### What the exercise asks
Repeat everything in the data exactly except images.

### Data provided
==*==
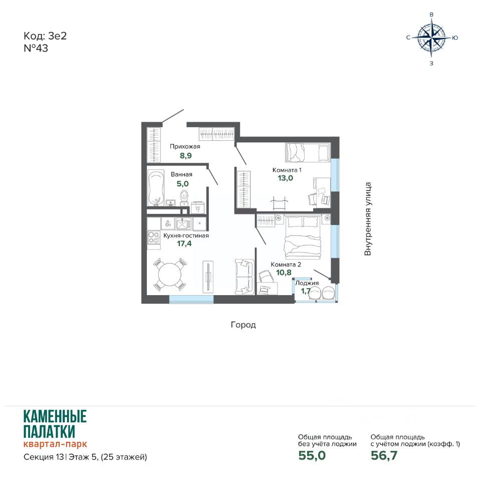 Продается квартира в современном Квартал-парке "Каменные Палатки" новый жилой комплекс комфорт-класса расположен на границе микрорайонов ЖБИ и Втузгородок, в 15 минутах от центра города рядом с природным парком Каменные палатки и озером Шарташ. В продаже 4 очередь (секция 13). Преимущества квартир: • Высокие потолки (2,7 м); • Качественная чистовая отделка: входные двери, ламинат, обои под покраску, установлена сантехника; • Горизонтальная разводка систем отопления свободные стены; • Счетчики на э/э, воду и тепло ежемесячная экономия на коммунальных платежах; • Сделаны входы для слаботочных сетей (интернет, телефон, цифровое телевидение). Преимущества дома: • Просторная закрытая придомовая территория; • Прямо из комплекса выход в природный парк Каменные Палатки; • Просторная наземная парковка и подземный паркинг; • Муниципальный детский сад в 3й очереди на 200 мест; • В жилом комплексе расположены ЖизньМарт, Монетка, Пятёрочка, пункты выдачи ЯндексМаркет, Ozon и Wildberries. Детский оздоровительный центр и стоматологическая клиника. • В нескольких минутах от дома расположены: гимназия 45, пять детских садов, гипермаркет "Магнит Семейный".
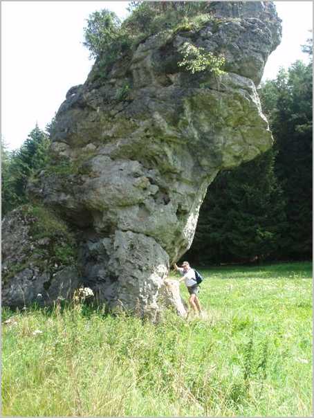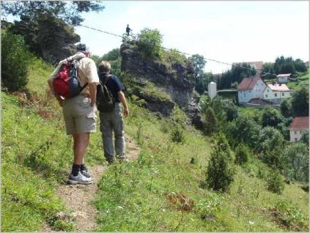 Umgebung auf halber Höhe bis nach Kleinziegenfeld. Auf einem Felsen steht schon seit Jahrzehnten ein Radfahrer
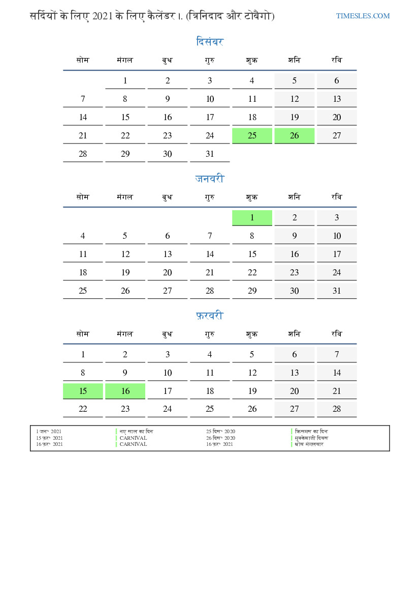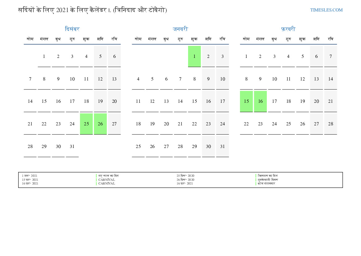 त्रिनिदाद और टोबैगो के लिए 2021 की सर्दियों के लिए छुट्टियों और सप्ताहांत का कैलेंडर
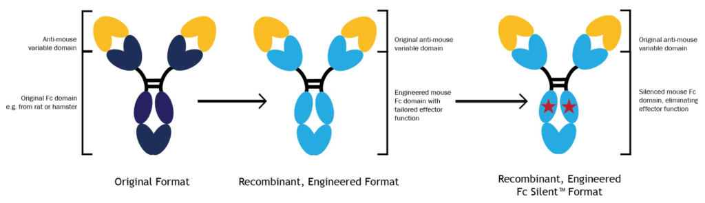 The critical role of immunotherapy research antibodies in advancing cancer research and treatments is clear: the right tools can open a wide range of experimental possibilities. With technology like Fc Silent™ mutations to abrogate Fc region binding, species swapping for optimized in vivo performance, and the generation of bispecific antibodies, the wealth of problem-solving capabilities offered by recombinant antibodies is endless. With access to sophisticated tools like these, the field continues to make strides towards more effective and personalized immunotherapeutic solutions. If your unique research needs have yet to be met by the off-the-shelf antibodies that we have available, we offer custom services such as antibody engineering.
==*==
### Final answer
 Продается квартира в современном Квартал-парке "Каменные Палатки" новый жилой комплекс комфорт-класса расположен на границе микрорайонов ЖБИ и Втузгородок, в 15 минутах от центра города рядом с природным парком Каменные палатки и озером Шарташ. В продаже 4 очередь (секция 13). Преимущества квартир: • Высокие потолки (2,7 м); • Качественная чистовая отделка: входные двери, ламинат, обои под покраску, установлена сантехника; • Горизонтальная разводка систем отопления свободные стены; • Счетчики на э/э, воду и тепло ежемесячная экономия на коммунальных платежах; • Сделаны входы для слаботочных сетей (интернет, телефон, цифровое телевидение). Преимущества дома: • Просторная закрытая придомовая территория; • Прямо из комплекса выход в природный парк Каменные Палатки; • Просторная наземная парковка и подземный паркинг; • Муниципальный детский сад в 3й очереди на 200 мест; • В жилом комплексе расположены ЖизньМарт, Монетка, Пятёрочка, пункты выдачи ЯндексМаркет, Ozon и Wildberries. Детский оздоровительный центр и стоматологическая клиника. • В нескольких минутах от дома расположены: гимназия 45, пять детских садов, гипермаркет "Магнит Семейный".
 Umgebung auf halber Höhe bis nach Kleinziegenfeld. Auf einem Felsen steht schon seit Jahrzehnten ein Radfahrer
 त्रिनिदाद और टोबैगो के लिए 2021 की सर्दियों के लिए छुट्टियों और सप्ताहांत का कैलेंडर
 The critical role of immunotherapy research antibodies in advancing cancer research and treatments is clear: the right tools can open a wide range of experimental possibilities. With technology like Fc Silent™ mutations to abrogate Fc region binding, species swapping for optimized in vivo performance, and the generation of bispecific antibodies, the wealth of problem-solving capabilities offered by recombinant antibodies is endless. With access to sophisticated tools like these, the field continues to make strides towards more effective and personalized immunotherapeutic solutions. If your unique research needs have yet to be met by the off-the-shelf antibodies that we have available, we offer custom services such as antibody engineering.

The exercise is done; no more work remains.